Traditional missions such as immigration, disaster mitigation and relief, drug interdiction, law enforcement, maritime safety and security, and trade
- $828 million to modernize border, customs, and immigration information technology, including $340 million for the US-VISIT program and $322 million for the Automated Commercial Environment;
- $2.9 billion for traditional Coast Guard operating activities, including maritime safety, drug interdiction, and fisheries, environmental, and humanitarian missions;
- $1.2 billion for the US Secret Service;
- $2 billion for disaster relief;
- $31.7 million to enforce laws related to forced child labor, intellectual property rights, and textile trans-shipment;
- $7.1 million to support investigations related to missing and exploited children; and
- $1.7 billion for immigration services, including $1.6 billion in fee supported activities.

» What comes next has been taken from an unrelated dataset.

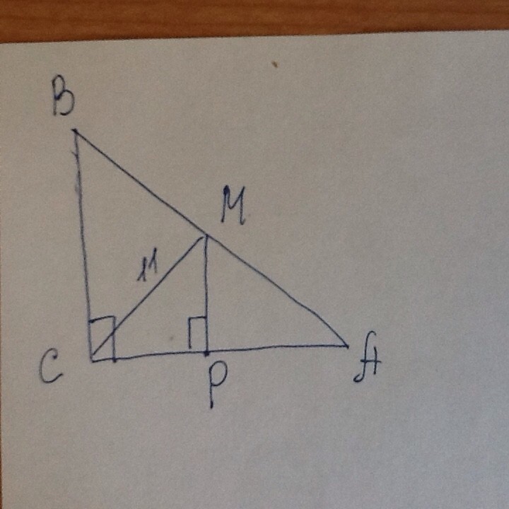 СР=РА по условию, МР-перпендикуляр к СА, значит МР║СА и является средней линией ΔАВС. СМ-медиана ΔАВС, т.к. (·) М-середина АВ.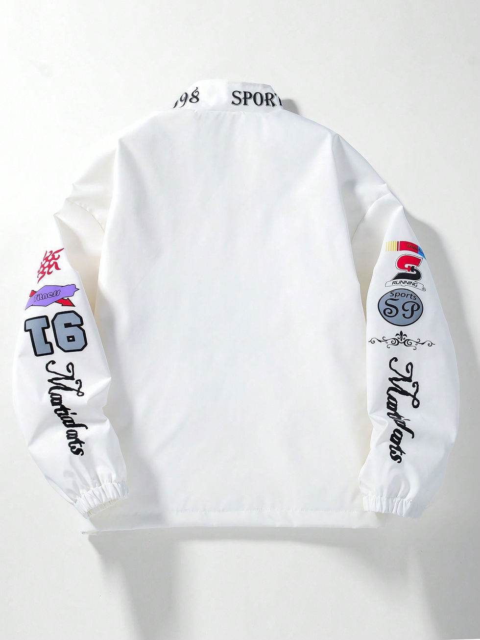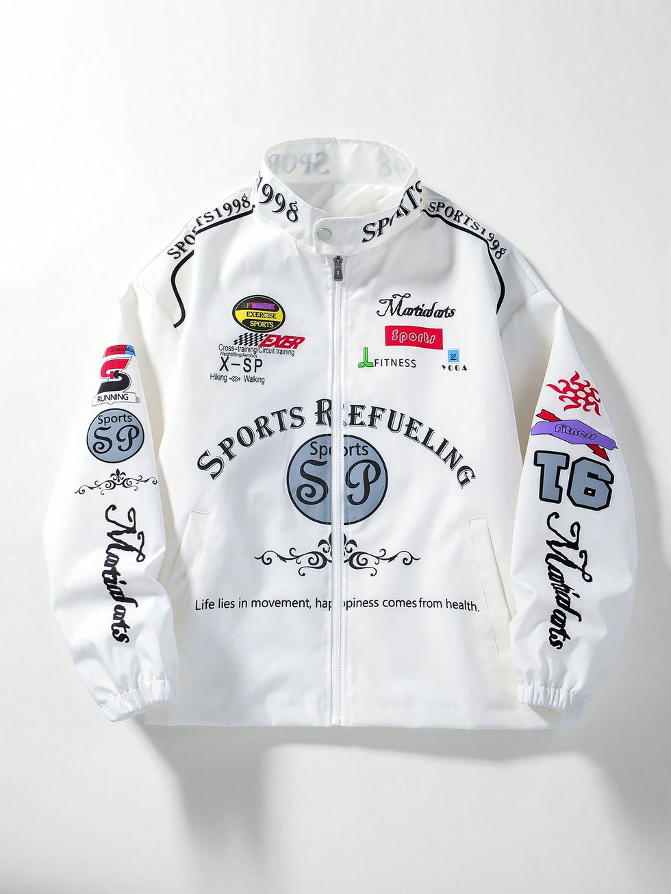 Manfinity EMRG Jaqueta Casual Masculina com Estampa de Slogan, Gola em pé

- Includes bill language regarding air cargo security screening and inspections, requiring inspections to triple during the fiscal year;
- Includes bill language prohibiting the use of funds to deploy or implement Secure Flight/CAPPS II until certain conditions are met;
- Maintains a cap of 45,000 for TSA passenger screeners;
- Amends the Homeland Security Act with regard to contracts with foreign incorporated entities; and
- Includes a provision prohibiting the use of funds for processing or approving a competition under OMB Circular A-76 unless certain conditions are met.